- AVAILABLE DATA:

++++++

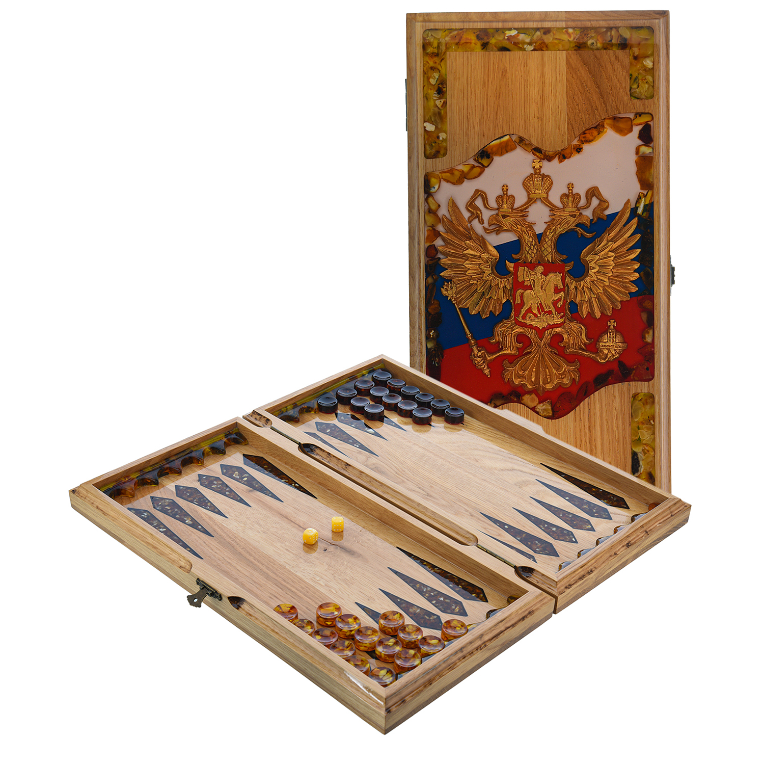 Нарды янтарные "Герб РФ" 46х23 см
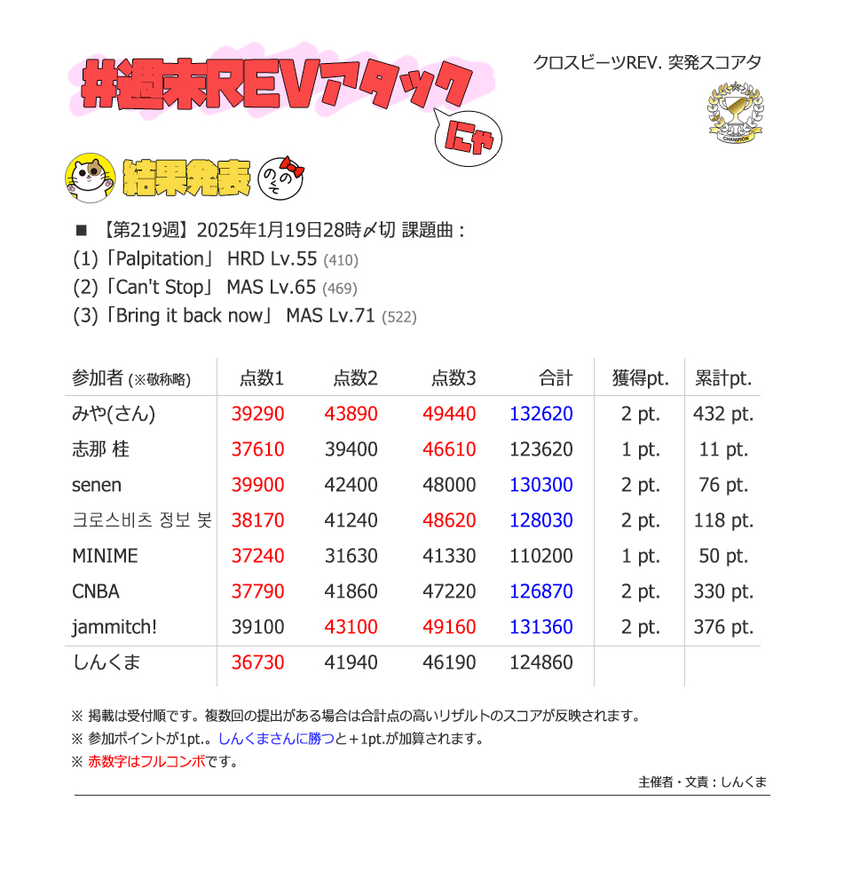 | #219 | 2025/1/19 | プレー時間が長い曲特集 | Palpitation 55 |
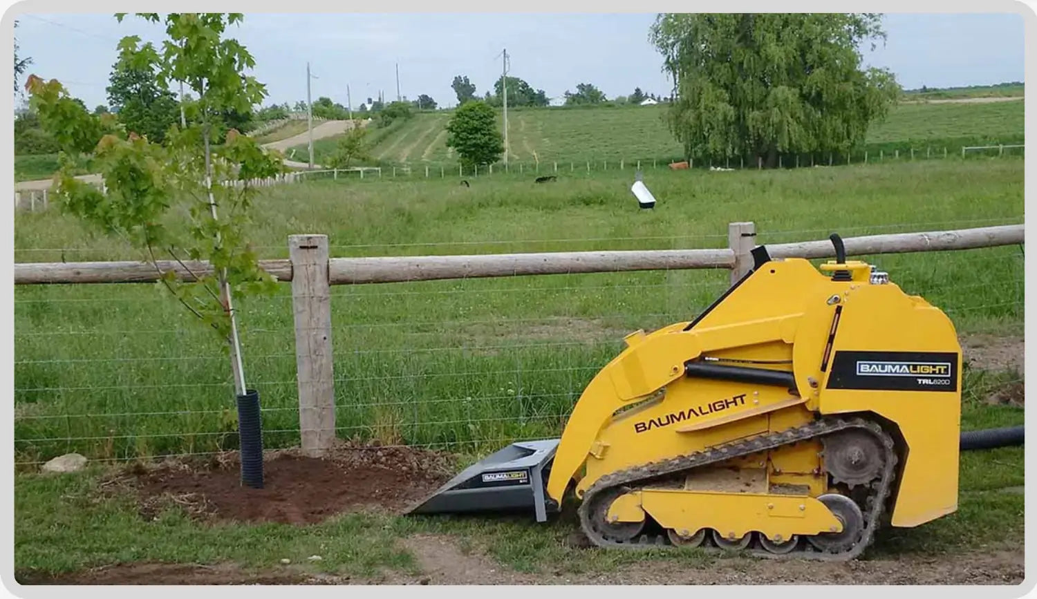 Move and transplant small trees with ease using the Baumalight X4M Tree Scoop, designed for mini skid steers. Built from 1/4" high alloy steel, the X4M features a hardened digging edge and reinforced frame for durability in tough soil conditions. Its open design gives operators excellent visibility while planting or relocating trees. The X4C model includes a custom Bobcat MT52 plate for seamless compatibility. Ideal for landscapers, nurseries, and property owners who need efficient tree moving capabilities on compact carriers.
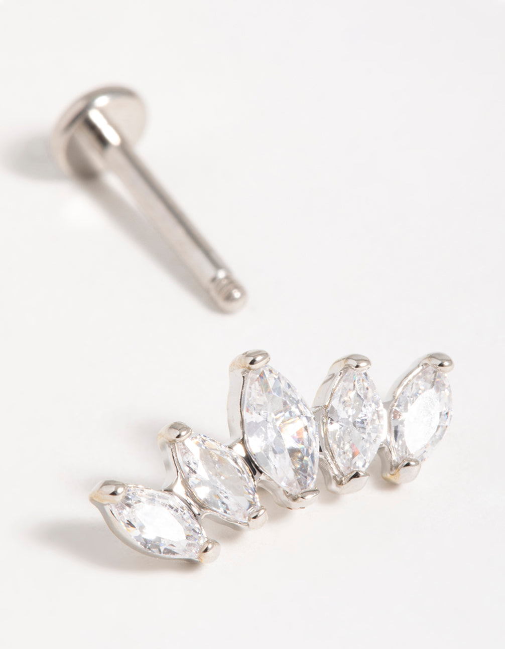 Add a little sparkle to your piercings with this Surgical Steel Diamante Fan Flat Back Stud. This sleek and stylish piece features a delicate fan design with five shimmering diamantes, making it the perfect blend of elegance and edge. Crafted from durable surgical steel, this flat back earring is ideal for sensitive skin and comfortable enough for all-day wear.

++++++

- WHAT YOU NEED TO DO:
Restate the data word for word without pictures.

- SOLUTION FOR THIS TASK:
 Нарды янтарные "Герб РФ" 46х23 см
 | #219 | 2025/1/19 | プレー時間が長い曲特集 | Palpitation 55 |
 Move and transplant small trees with ease using the Baumalight X4M Tree Scoop, designed for mini skid steers. Built from 1/4" high alloy steel, the X4M features a hardened digging edge and reinforced frame for durability in tough soil conditions. Its open design gives operators excellent visibility while planting or relocating trees. The X4C model includes a custom Bobcat MT52 plate for seamless compatibility. Ideal for landscapers, nurseries, and property owners who need efficient tree moving capabilities on compact carriers.
 Add a little sparkle to your piercings with this Surgical Steel Diamante Fan Flat Back Stud. This sleek and stylish piece features a delicate fan design with five shimmering diamantes, making it the perfect blend of elegance and edge. Crafted from durable surgical steel, this flat back earring is ideal for sensitive skin and comfortable enough for all-day wear.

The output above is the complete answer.